Stepanida offers to write a letter about her feelings to Cleopatra. Dobroserdov leaves, and the maid comes to the conclusion that she herself is in love with Vasily. The princess scolds the maid, but she makes excuses. Dobroserdov appeared unnoticed and handed the letter to Stepanida. Later, she appears with bad news: her aunt wants to marry Cleopatra to the breeder Srebrolyubov. Vasily, who returned, tells how Zloradov himself persuaded Dokukin to demand the debt, telling him that he wanted to leave the city. Not believing this, Dobroserdov himself talks to Zloradov and he allegedly promises to give three hundred rubles. Stepanida tells Dobroserdov that Cleopatra finally read the letter, and it turned out that their feelings are mutual.

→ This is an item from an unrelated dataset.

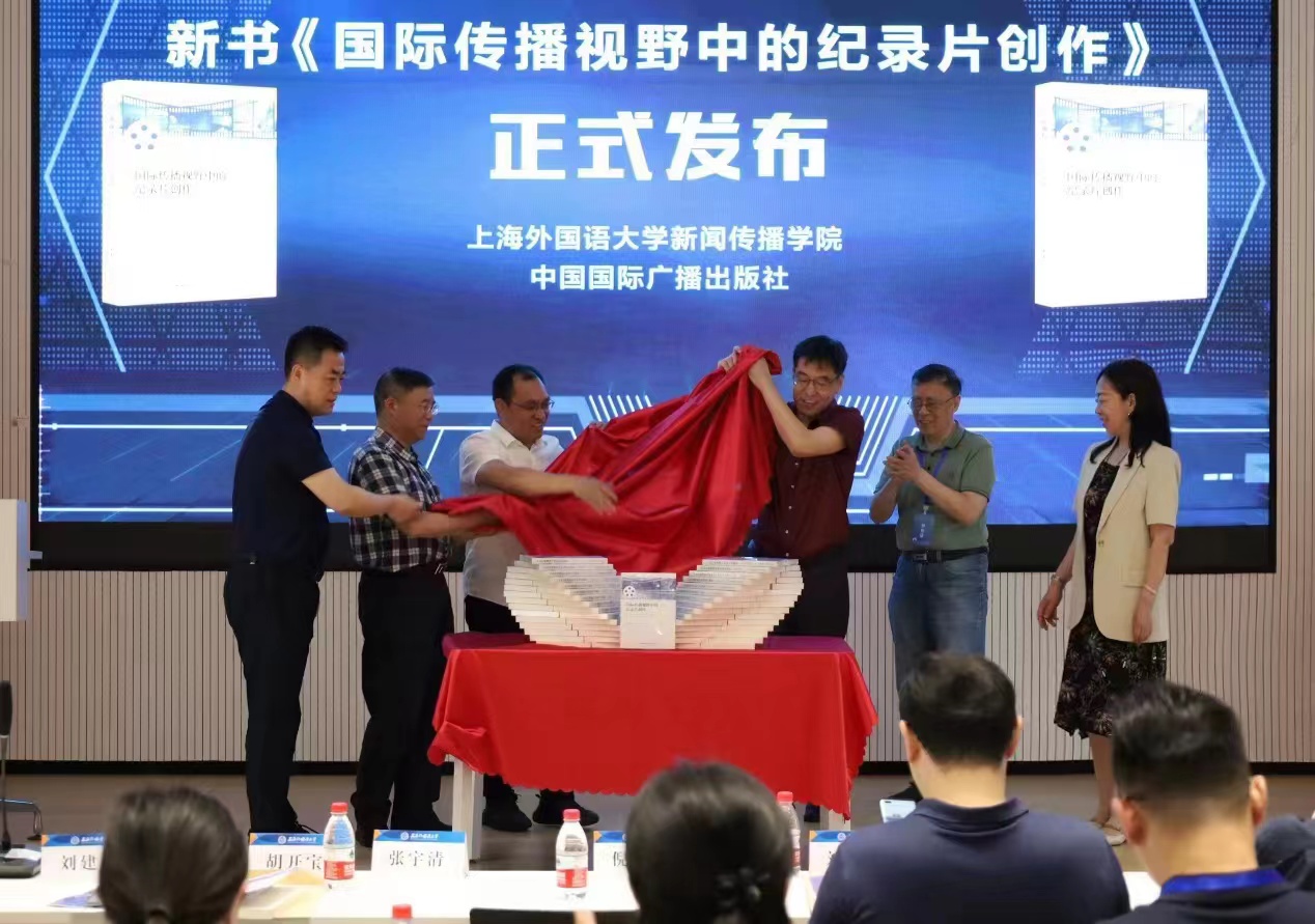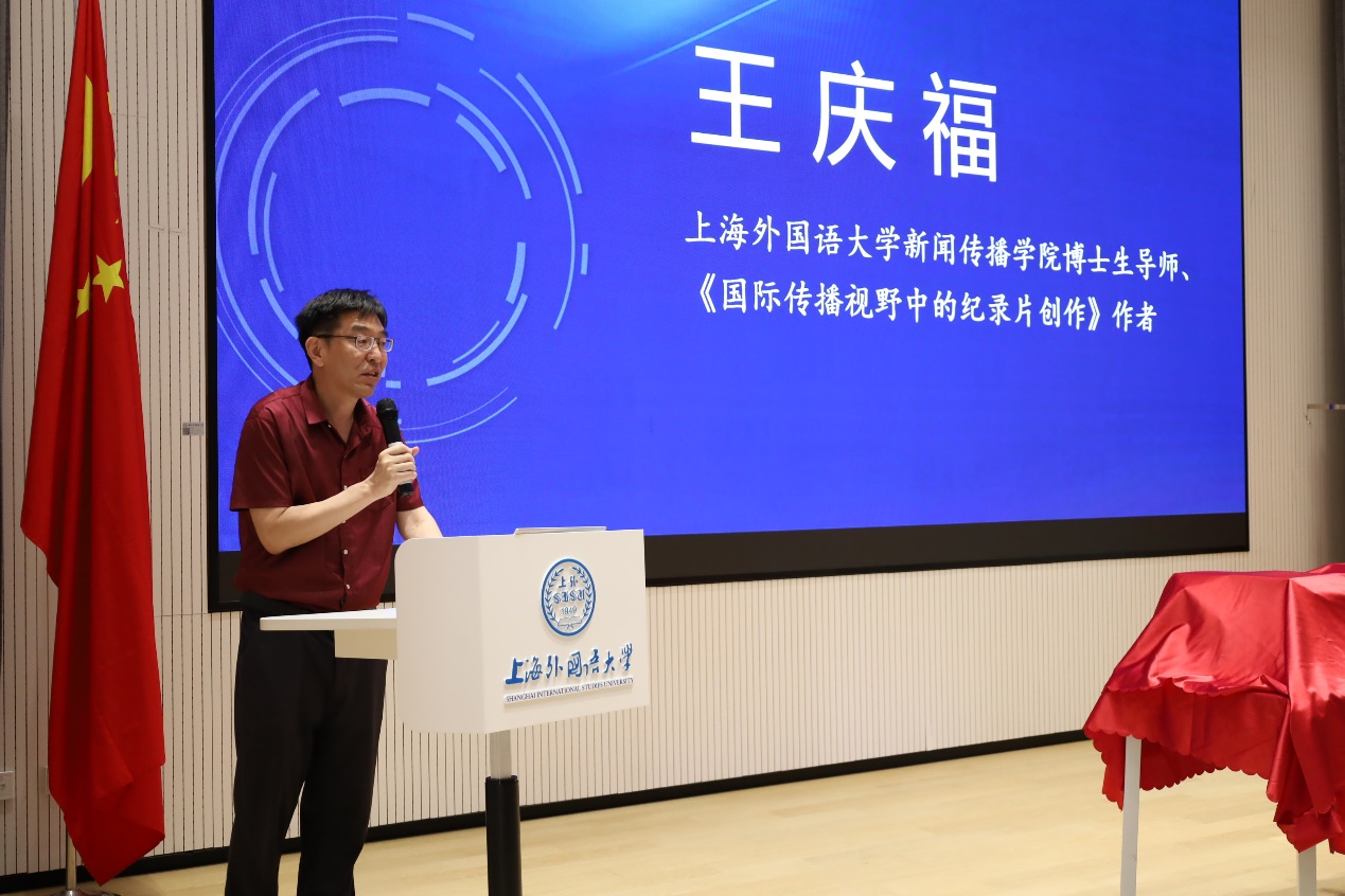 新书发布环节,中国国际广播出版社传媒出版合作部主任祝晔和上海外国语大学博士生导师、新书作者王庆福依次发言,并同与会嘉宾一起为新书《国际传播视野中的纪录片创作》揭幕。

Panfil, the servant of the second brother Dobroserdov, brings another letter. The uncle is ready to forgive him, but the neighbors slandered the young man, and the uncle demands an immediate arrival with the girl for an explanation. Having learned about his imminent departure, creditors began to visit Dobronravov often. Zloradov wants to frame Dobroserdov in front of the princess and take all the money for himself. Cleopatra arrives with a maid and an explanation takes place. At this moment the princess appears. The maid, not at a loss, lays out all the plans of the lovers and offers to take the girl to the monastery. Zloradov reveals his true face to Dobrserdov.

The solution was found unexpectedly. The brothers' uncle died and left all his savings to his elder brother. Another good news: Stepanida hid Cleopatra with her uncle in the village. The princess repented, and Stepanida and Vasily are free.